Items from a dataset:
..............................
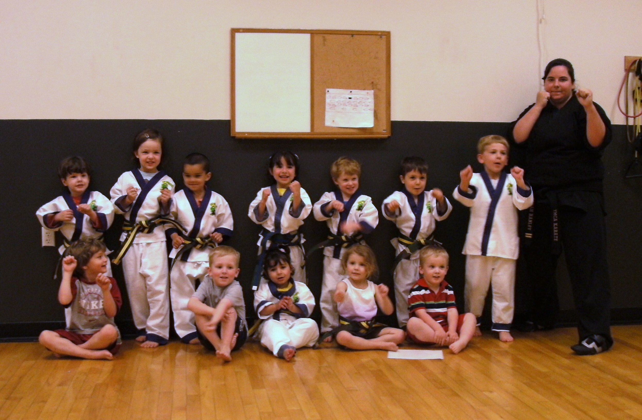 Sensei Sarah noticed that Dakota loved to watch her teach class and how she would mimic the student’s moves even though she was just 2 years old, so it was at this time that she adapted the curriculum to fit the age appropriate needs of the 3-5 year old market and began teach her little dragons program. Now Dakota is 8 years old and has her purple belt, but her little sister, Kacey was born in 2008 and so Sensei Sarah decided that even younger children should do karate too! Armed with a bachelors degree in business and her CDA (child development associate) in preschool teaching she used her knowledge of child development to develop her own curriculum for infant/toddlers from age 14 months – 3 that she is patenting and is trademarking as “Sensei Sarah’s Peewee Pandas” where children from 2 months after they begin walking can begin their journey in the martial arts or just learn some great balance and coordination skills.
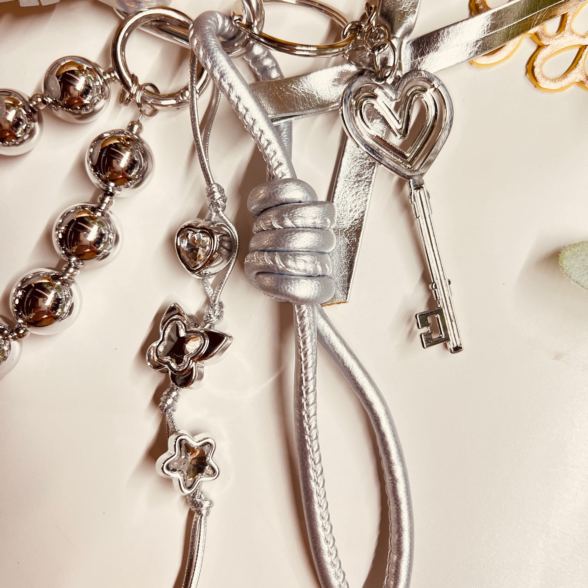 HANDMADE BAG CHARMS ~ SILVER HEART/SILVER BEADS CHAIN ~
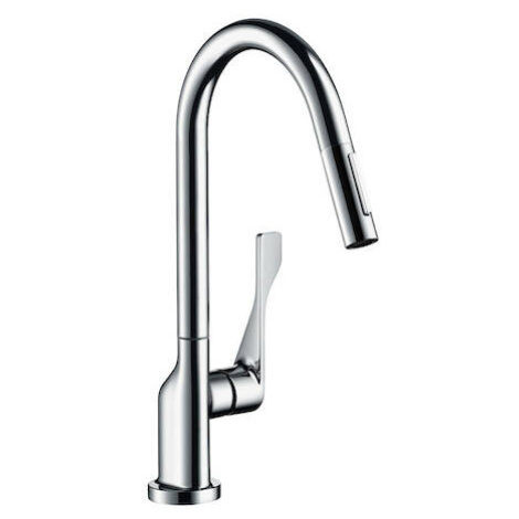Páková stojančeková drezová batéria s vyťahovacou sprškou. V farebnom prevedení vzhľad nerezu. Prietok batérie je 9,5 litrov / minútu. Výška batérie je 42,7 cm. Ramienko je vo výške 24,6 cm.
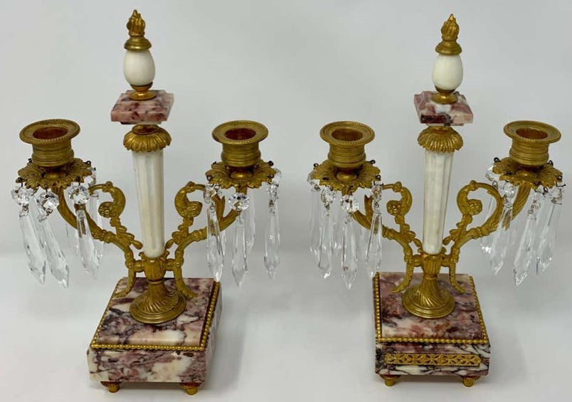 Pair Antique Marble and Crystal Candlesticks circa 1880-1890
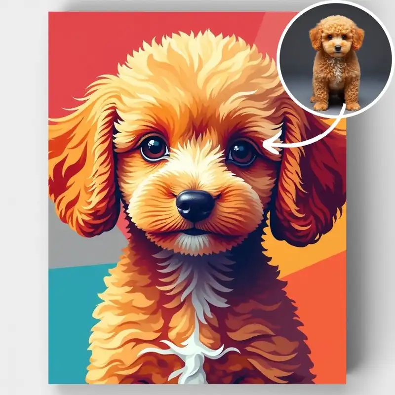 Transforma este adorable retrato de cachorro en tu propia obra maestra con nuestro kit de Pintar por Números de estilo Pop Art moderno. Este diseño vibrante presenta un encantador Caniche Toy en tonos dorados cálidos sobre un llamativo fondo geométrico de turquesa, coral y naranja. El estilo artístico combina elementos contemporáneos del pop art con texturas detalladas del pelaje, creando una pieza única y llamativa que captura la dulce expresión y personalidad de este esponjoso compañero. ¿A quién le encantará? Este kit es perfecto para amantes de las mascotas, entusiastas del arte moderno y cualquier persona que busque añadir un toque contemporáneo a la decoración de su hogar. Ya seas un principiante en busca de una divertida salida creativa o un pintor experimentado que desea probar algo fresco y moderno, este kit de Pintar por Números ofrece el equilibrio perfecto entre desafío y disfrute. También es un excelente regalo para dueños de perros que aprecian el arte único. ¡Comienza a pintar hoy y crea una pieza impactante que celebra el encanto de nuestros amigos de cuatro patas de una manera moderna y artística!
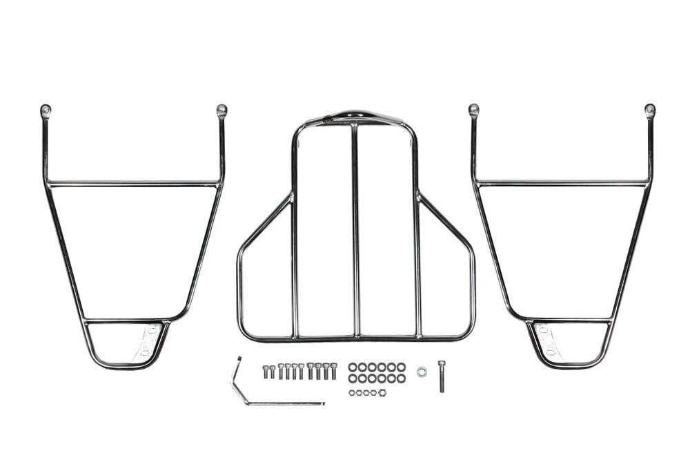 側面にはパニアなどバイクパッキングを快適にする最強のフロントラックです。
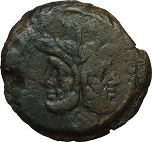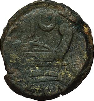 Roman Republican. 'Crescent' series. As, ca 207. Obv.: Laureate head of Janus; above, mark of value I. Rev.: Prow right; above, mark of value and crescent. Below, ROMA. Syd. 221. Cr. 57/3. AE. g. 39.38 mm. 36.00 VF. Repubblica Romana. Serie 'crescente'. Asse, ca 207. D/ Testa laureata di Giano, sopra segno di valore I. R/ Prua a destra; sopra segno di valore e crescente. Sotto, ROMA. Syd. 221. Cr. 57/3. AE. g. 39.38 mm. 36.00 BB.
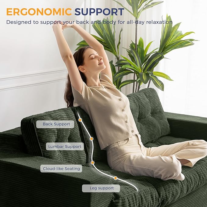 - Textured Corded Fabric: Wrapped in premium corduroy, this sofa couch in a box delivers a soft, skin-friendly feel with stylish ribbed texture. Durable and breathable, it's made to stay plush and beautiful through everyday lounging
..............................
# REQUIREMENT
Type the entries again verbatim. Drop the images.

# FINAL ANSWER
 Sensei Sarah noticed that Dakota loved to watch her teach class and how she would mimic the student’s moves even though she was just 2 years old, so it was at this time that she adapted the curriculum to fit the age appropriate needs of the 3-5 year old market and began teach her little dragons program. Now Dakota is 8 years old and has her purple belt, but her little sister, Kacey was born in 2008 and so Sensei Sarah decided that even younger children should do karate too! Armed with a bachelors degree in business and her CDA (child development associate) in preschool teaching she used her knowledge of child development to develop her own curriculum for infant/toddlers from age 14 months – 3 that she is patenting and is trademarking as “Sensei Sarah’s Peewee Pandas” where children from 2 months after they begin walking can begin their journey in the martial arts or just learn some great balance and coordination skills.
 HANDMADE BAG CHARMS ~ SILVER HEART/SILVER BEADS CHAIN ~
Páková stojančeková drezová batéria s vyťahovacou sprškou. V farebnom prevedení vzhľad nerezu. Prietok batérie je 9,5 litrov / minútu. Výška batérie je 42,7 cm. Ramienko je vo výške 24,6 cm.
 Pair Antique Marble and Crystal Candlesticks circa 1880-1890
 Transforma este adorable retrato de cachorro en tu propia obra maestra con nuestro kit de Pintar por Números de estilo Pop Art moderno. Este diseño vibrante presenta un encantador Caniche Toy en tonos dorados cálidos sobre un llamativo fondo geométrico de turquesa, coral y naranja. El estilo artístico combina elementos contemporáneos del pop art con texturas detalladas del pelaje, creando una pieza única y llamativa que captura la dulce expresión y personalidad de este esponjoso compañero. ¿A quién le encantará? Este kit es perfecto para amantes de las mascotas, entusiastas del arte moderno y cualquier persona que busque añadir un toque contemporáneo a la decoración de su hogar. Ya seas un principiante en busca de una divertida salida creativa o un pintor experimentado que desea probar algo fresco y moderno, este kit de Pintar por Números ofrece el equilibrio perfecto entre desafío y disfrute. También es un excelente regalo para dueños de perros que aprecian el arte único. ¡Comienza a pintar hoy y crea una pieza impactante que celebra el encanto de nuestros amigos de cuatro patas de una manera moderna y artística!
 側面にはパニアなどバイクパッキングを快適にする最強のフロントラックです。
 Roman Republican. 'Crescent' series. As, ca 207. Obv.: Laureate head of Janus; above, mark of value I. Rev.: Prow right; above, mark of value and crescent. Below, ROMA. Syd. 221. Cr. 57/3. AE. g. 39.38 mm. 36.00 VF. Repubblica Romana. Serie 'crescente'. Asse, ca 207. D/ Testa laureata di Giano, sopra segno di valore I. R/ Prua a destra; sopra segno di valore e crescente. Sotto, ROMA. Syd. 221. Cr. 57/3. AE. g. 39.38 mm. 36.00 BB.
 - Textured Corded Fabric: Wrapped in premium corduroy, this sofa couch in a box delivers a soft, skin-friendly feel with stylish ribbed texture. Durable and breathable, it's made to stay plush and beautiful through everyday lounging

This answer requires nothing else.